First, in the main application it is used to open a textfile and it is used in the factory of the class LogRegressionXUpdate:
val A = sc.textFile("ds1.csv")
A.checkpoint
val f = LogRegressionXUpdate.fromTextFile(A,params.rho,1024,sc)
In the application, the class LogRegressionXUpdate is implemented as follows
class LogRegressionXUpdate(val training: RDD[(Double, NV)],
val rho: Double) extends Function1[BDV[Double],Double] with Prox with Serializable{
def prox(x: BDV[Double], rho: Double): BDV[Double] = {
val numCorrections = 10
val convergenceTol = 1e-4
val maxNumIterations = 20
val regParam = 0.1
val (weights, loss) = LBFGS.runLBFGS(
training,
new GradientForLogRegADMM(rho,fromBreeze(x)),
new SimpleUpdater(),
numCorrections,
convergenceTol,
maxNumIterations,
regParam,
fromBreeze(x))
toBreeze(weights.toArray).toDenseVector
}
def apply(x: BDV[Double]): Double = {
Math.pow(1,2.0)
}
}
With the following companion object:
object LogRegressionXUpdate {
def fromTextFile(file: RDD[String], rho: Double, blockHeight: Int = 1024, @transient sc: SparkContext): RDF[LogRegressionXUpdate] = {
val fns = new BlockMatrix(file, blockHeight).blocks.
map(X => new LogRegressionXUpdate(sc.parallelize((X(*,::).map(fila => (fila(-1),fromBreeze(fila(0 to -2))))).toArray),rho))
new RDF[LogRegressionXUpdate](fns, 0L)
}
}
This constructor is causing a serialization error though I'm not really needing the SparkContext to build each RDD locally. I've searched for solutions to this problem and adding @transient didn't solve it. Then, my question is: is it really possible to build these "second layer RDDs" or I'm forced to perform a non distributed version of the L-BFGS algorithm. Thanks in advance!
Error Log:
Exception in thread "main" org.apache.spark.SparkException: Task not serializable
at org.apache.spark.util.ClosureCleaner$.ensureSerializable(ClosureCleaner.scala:315)

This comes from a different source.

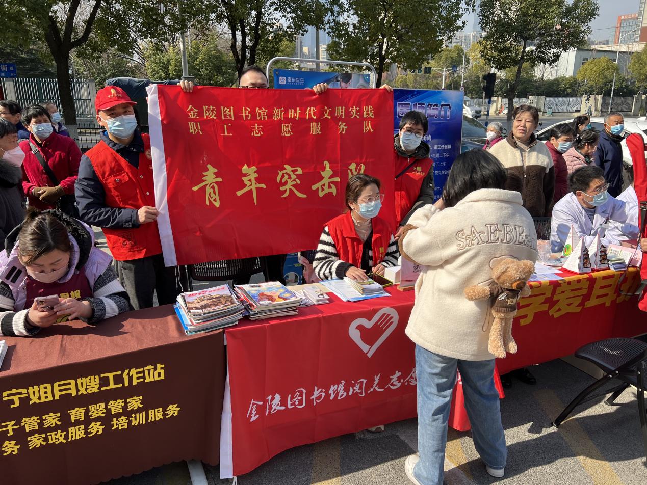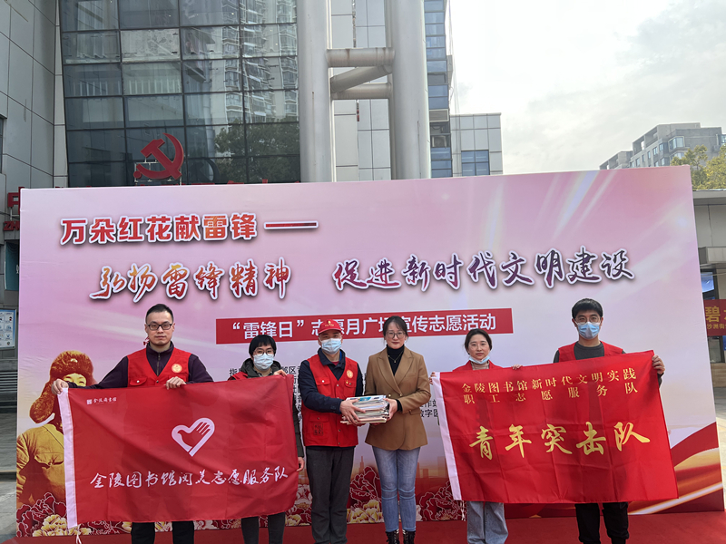 活动当天,金陵图书馆团支部书记、事业研究部胡宁涛,活动服务部甘旭扬、系统技术部管婷婷、分馆建设部孔瑶、综合阅览部肖剑锋组成的金陵图书馆“阅美”志愿服务队、金陵图书馆新时代文明实践职工志愿服务队赶赴现场,通过书服到家、免费办证、分发杂志等公益文化服务,将公共文化服务深入到街道、社区,用实际行动践行雷锋精神。

at org.apache.spark.util.ClosureCleaner$.org$apache$spark$util$ClosureCleaner$$clean(ClosureCleaner.scala:305)
at org.apache.spark.util.ClosureCleaner$.clean(ClosureCleaner.scala:132)
at org.apache.spark.SparkContext.clean(SparkContext.scala:1891)
at org.apache.spark.rdd.RDD$$anonfun$map$1.apply(RDD.scala:294)
at org.apache.spark.rdd.RDD$$anonfun$map$1.apply(RDD.scala:293)
at org.apache.spark.rdd.RDDOperationScope$.withScope(RDDOperationScope.scala:148)
at org.apache.spark.rdd.RDDOperationScope$.withScope(RDDOperationScope.scala:109)
at org.apache.spark.rdd.RDD.withScope(RDD.scala:286)
at org.apache.spark.rdd.RDD.map(RDD.scala:293)
at admm.functions.LogRegressionXUpdate$.fromTextFile(LogRegressionXUpdate.scala:70)
at admm.examples.Lasso$.run(Lasso.scala:96)
at admm.examples.Lasso$$anonfun$main$1.apply(Lasso.scala:70)
at admm.examples.Lasso$$anonfun$main$1.apply(Lasso.scala:69)
at scala.Option.map(Option.scala:145)
at admm.examples.Lasso$.main(Lasso.scala:69)
at admm.examples.Lasso.main(Lasso.scala)
at sun.reflect.NativeMethodAccessorImpl.invoke0(Native Method)
at sun.reflect.NativeMethodAccessorImpl.invoke(NativeMethodAccessorImpl.java:62)
at sun.reflect.DelegatingMethodAccessorImpl.invoke(DelegatingMethodAccessorImpl.java:43)
at java.lang.reflect.Method.invoke(Method.java:497)
at com.intellij.rt.execution.application.AppMain.main(AppMain.java:140)
Caused by: java.io.NotSerializableException: org.apache.spark.SparkContext
Serialization stack:
- object not serializable (class: org.apache.spark.SparkContext, value: org.apache.spark.SparkContext@20576557)
- field (class: admm.functions.LogRegressionXUpdate$$anonfun$1, name: sc$1, type: class org.apache.spark.SparkContext)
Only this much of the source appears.